更新: 2025-01-1514分で読める2026年1月確認済み

ガソリンスタンド跡地の汚染リスク

ガソリンスタンド跡地は、全国で最も土壌汚染が発見されやすい業種の一つです。経済産業省の調査によると、廃業したガソリンスタンドの約60%で何らかの土壌汚染が確認されており、特に1980年代以前に設置された地下タンクでは、経年劣化による漏洩リスクが極めて高くなっています。

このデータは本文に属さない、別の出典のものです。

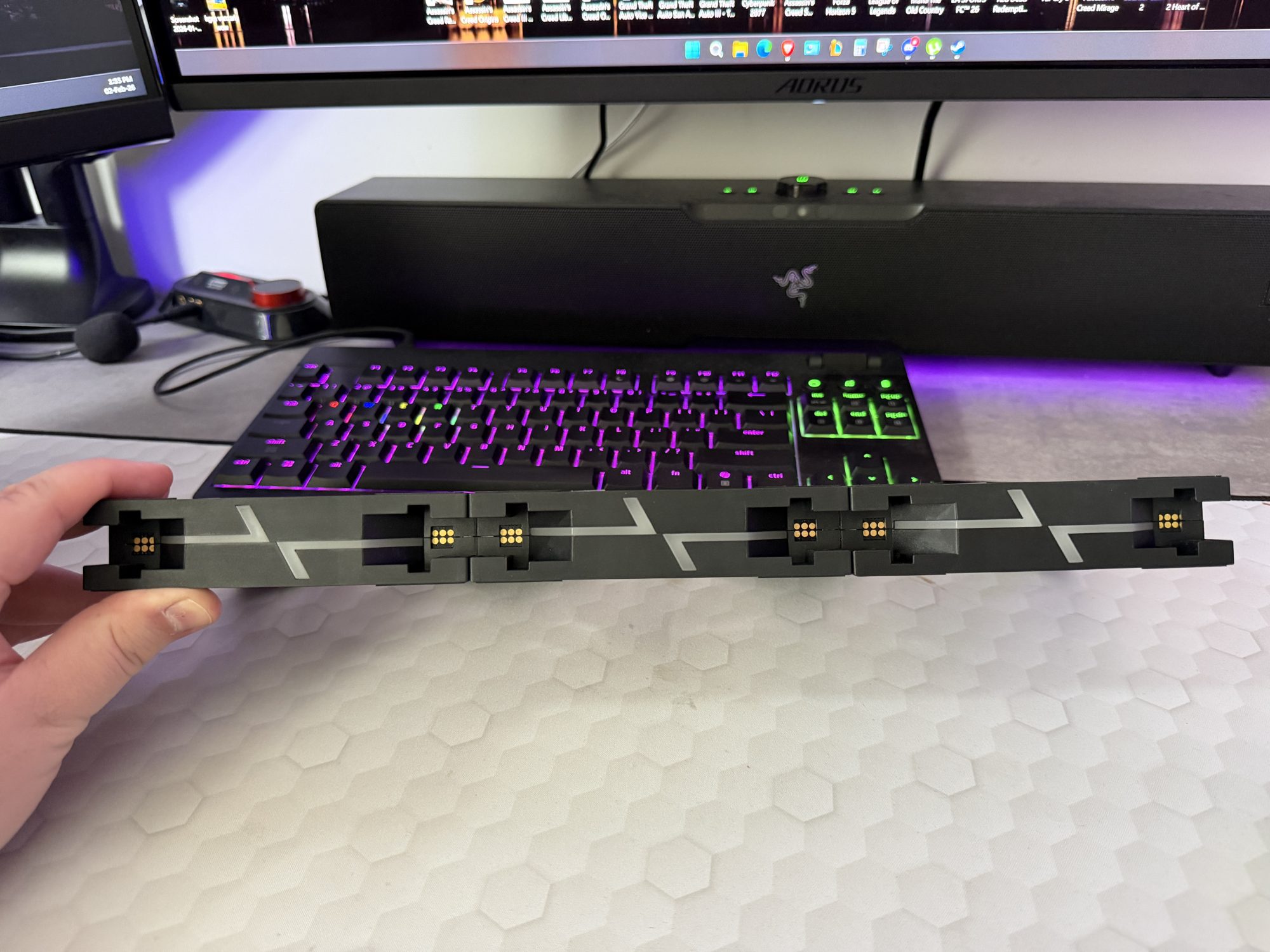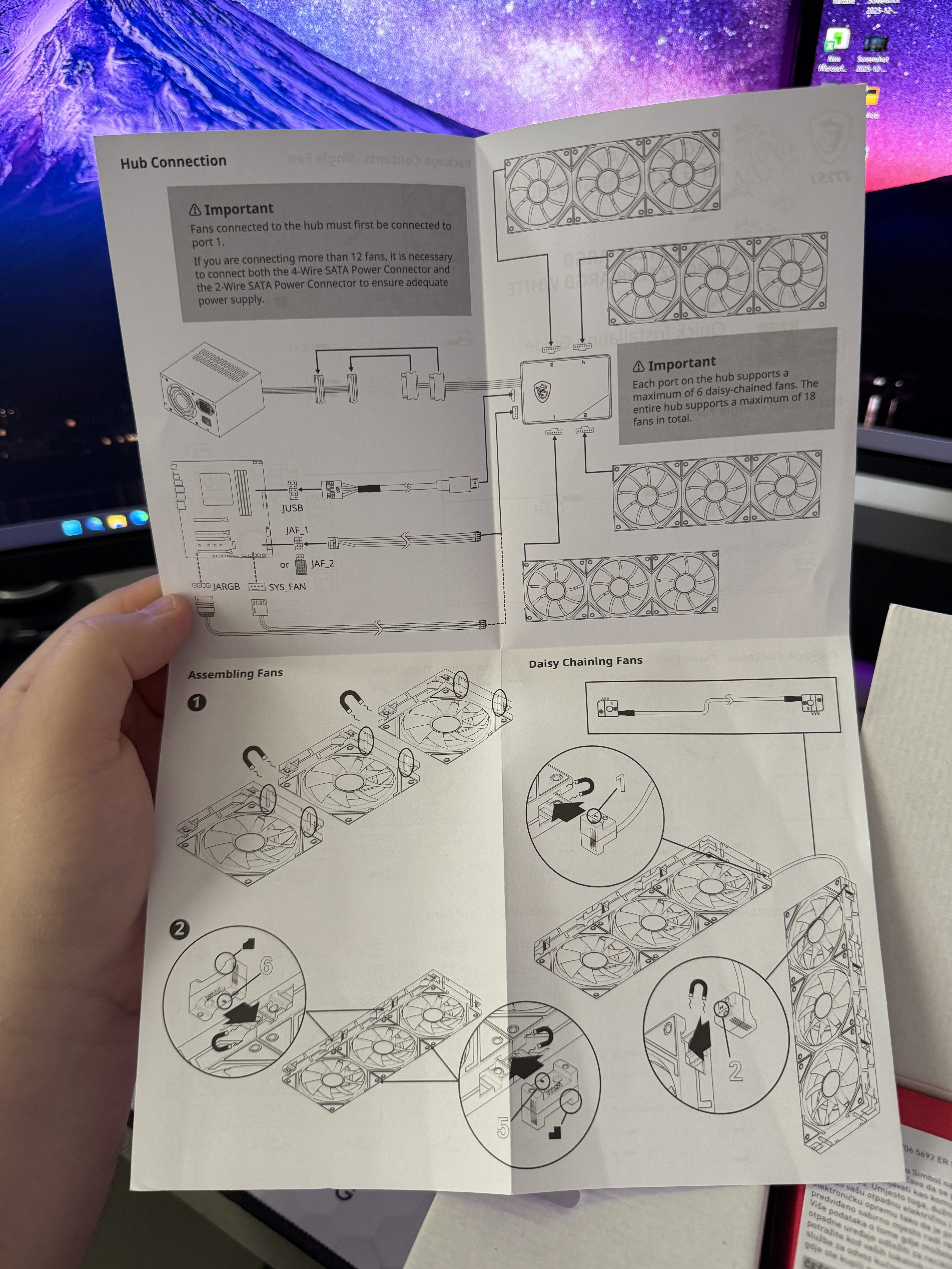 Diferența reală față de ventilatoare obișnuite este modul de conectare. Ventilatoarele se aliniază și se leagă între ele printr-un bloc de conectare magnetic, apoi merg către un hub. În practică, asta înseamnă mai puține cabluri individuale și un montaj mult mai rapid când ai mai multe ventilatoare în carcasă. Hub-ul are limitări clare: fiecare port suportă maximum 6 ventilatoare legate în lanț, iar hub-ul în total poate gestiona până la 18 ventilatoare. MSI menționează și un lucru important pentru cine face sisteme mari: dacă treci de 12 ventilatoare conectate, trebuie folosite ambele alimentări SATA ale hub-ului, ca să ai suficient curent.

地下タンクからの漏洩により、石油系物質が土壌に浸透し、さらに地下水汚染へと拡大するケースが多数報告されています。汚染が発見されないまま放置されると、近隣の井戸水や地下水にも影響を及ぼし、広範囲な環境問題に発展する可能性があります。

ガソリンスタンドで発生する汚染の特徴

地下タンクからの漏洩メカニズム

ガソリンスタンドの地下タンクは、通常、地下3〜5メートルに埋設されています。タンク本体の腐食、配管の接続部の劣化、地震による損傷などが原因で、燃料が土壌中に漏れ出します。

特に問題となるのは以下のポイントです:

  • FRP二重殻タンク以前の単層タンク:1987年の消防法改正以前に設置された鋼製単層タンクは、腐食による漏洩リスクが非常に高い
  • 配管の接続部:タンク本体よりも配管や継手部分から漏洩するケースが多い
  • 計量孔周辺:給油時の漏洩が長年蓄積し、高濃度汚染となっている場合がある
  • 廃油タンク:使用済みオイルを保管するタンクからの漏洩も多い

汚染の拡散特性

ガソリンや軽油はLNAPL(軽質非水溶性液体)に分類され、以下の特性を持ちます:

  • 地下水面に浮遊:水よりも軽いため、地下水面上に油層を形成
  • 揮発性が高い:ベンゼンなどの揮発性成分が土壌ガスとして拡散
  • 溶解性:一部成分が地下水に溶け込み、広範囲に拡散
  • 吸着性:土壌粒子に吸着し、長期間残留

主な汚染物質と健康リスク

1. ベンゼン(土壌汚染対策法の規制対象)

基準値:地下水で0.01mg/L以下、土壌溶出量で0.01mg/L以下

ガソリンに0.5〜2%程度含まれる芳香族炭化水素で、発がん性が確認されている第一種特定有害物質です。長期暴露により、白血病などの血液疾患を引き起こす可能性があります。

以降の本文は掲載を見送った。